DATA PROVIDED:
=======

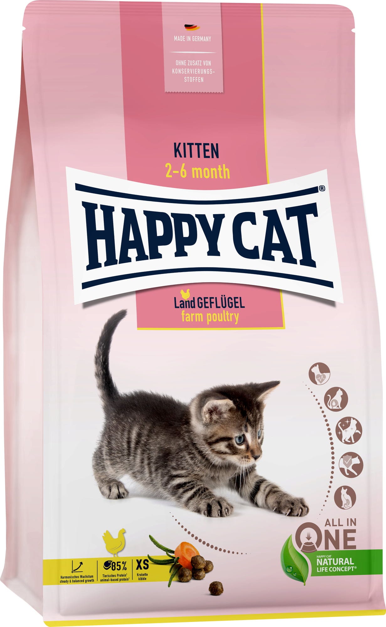A növekedés nem könnyű folyamat! Hogy a lehető legjobban támogassa a fiatal kiscicákat, a Kitten vidéki baromfi száraztáp a lehető legjobb táplálékot biztosítja számukra. Az ízletes szárazeledel extra kicsi krokettekkel (5 mm), jól emészthető vidéki baromfival, ízletes sárgarépával és fűszeres rozmaringgal készült. A fenséges receptúra így maximálisan támogatja a fiatal kiscicák harmonikus növekedését!
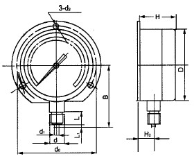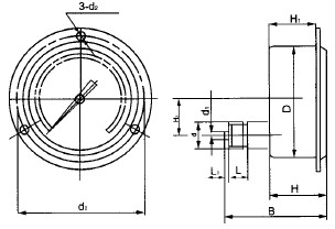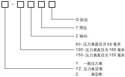 例:Y-100ZTQ 0~1MPa直徑為100毫米,軸向帶前邊 測壓范圍0~1MPa的真空壓力表
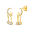 Elevate your style with the Gold CZ Crescent Star Drops. These earrings feature a delicate crescent and star design adorned with sparkling CZ stones, crafted in sterling silver with a yellow gold-plated finish. Perfect for adding a celestial touch to any look.
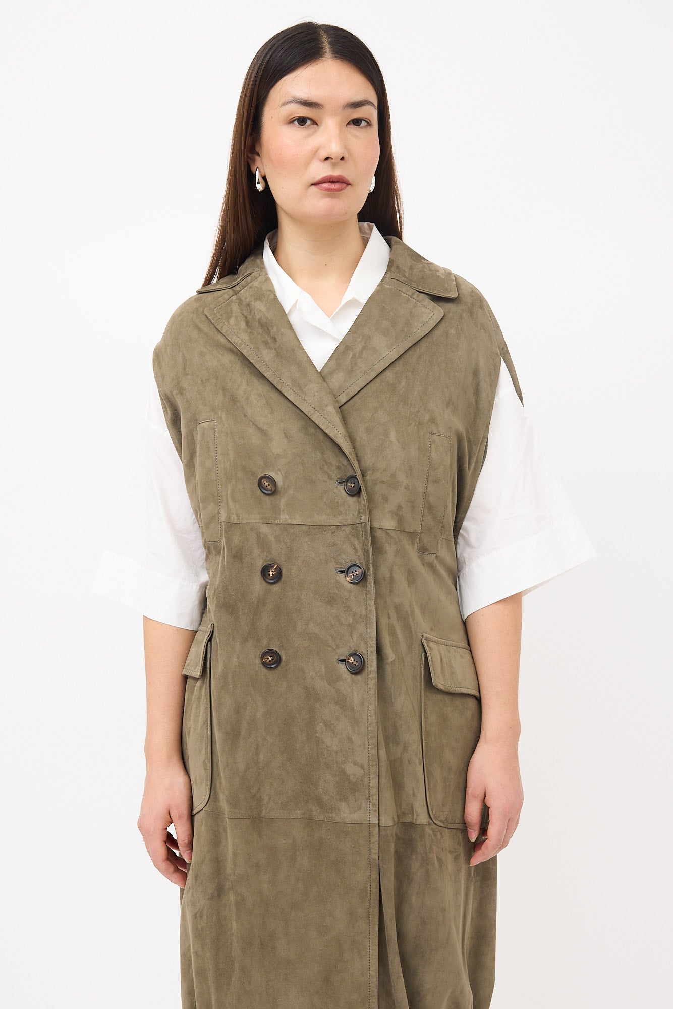 Pre-owned Brunello Cucinelli green suede long vest featuring a notched lapel, double breasted button front, two welt pockets at chest, two flap pockets at hip, and drawcord hem. Lined.
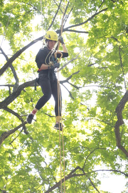 工作攀爬测试选手使用绳索、安全带等装备在树上移动的能力。本次参赛者须从树上的出发点开始,行走树上 5个工作站,并在每个工作位置执行不同的指定任务。 每个工作站都设置了一个响铃,而参赛者必须敲过响铃才可继续前往下一站。 5 个工作站包括了手锯、枝条投掷、高枝剪、行走枝干及着地五种工作任务,最终来自河南的刘育新,赢得了“工作攀爬”项目男子比赛的第一名,刘育新今年51岁了,是本次参赛中年龄最大的选手,他直言自己虽然体力可能不如年轻人,但经验更为丰富,“小时候我就是爬树高手,现在也经常练习!”他自信地表示,“我未必输给年轻人。”

=======

AIM OF THE EXERCISE:
Transcription of the lines from the one with "例:Y-100ZTQ 0~1MPa直徑為100毫米,軸向帶前邊 測壓范圍0~1MPa的真空壓力表" through the end of the entries is required, exact and with no pictures.

SOLUTION FOR THIS TASK:
 例:Y-100ZTQ 0~1MPa直徑為100毫米,軸向帶前邊 測壓范圍0~1MPa的真空壓力表
 Elevate your style with the Gold CZ Crescent Star Drops. These earrings feature a delicate crescent and star design adorned with sparkling CZ stones, crafted in sterling silver with a yellow gold-plated finish. Perfect for adding a celestial touch to any look.
 Pre-owned Brunello Cucinelli green suede long vest featuring a notched lapel, double breasted button front, two welt pockets at chest, two flap pockets at hip, and drawcord hem. Lined.
 工作攀爬测试选手使用绳索、安全带等装备在树上移动的能力。本次参赛者须从树上的出发点开始,行走树上 5个工作站,并在每个工作位置执行不同的指定任务。 每个工作站都设置了一个响铃,而参赛者必须敲过响铃才可继续前往下一站。 5 个工作站包括了手锯、枝条投掷、高枝剪、行走枝干及着地五种工作任务,最终来自河南的刘育新,赢得了“工作攀爬”项目男子比赛的第一名,刘育新今年51岁了,是本次参赛中年龄最大的选手,他直言自己虽然体力可能不如年轻人,但经验更为丰富,“小时候我就是爬树高手,现在也经常练习!”他自信地表示,“我未必输给年轻人。”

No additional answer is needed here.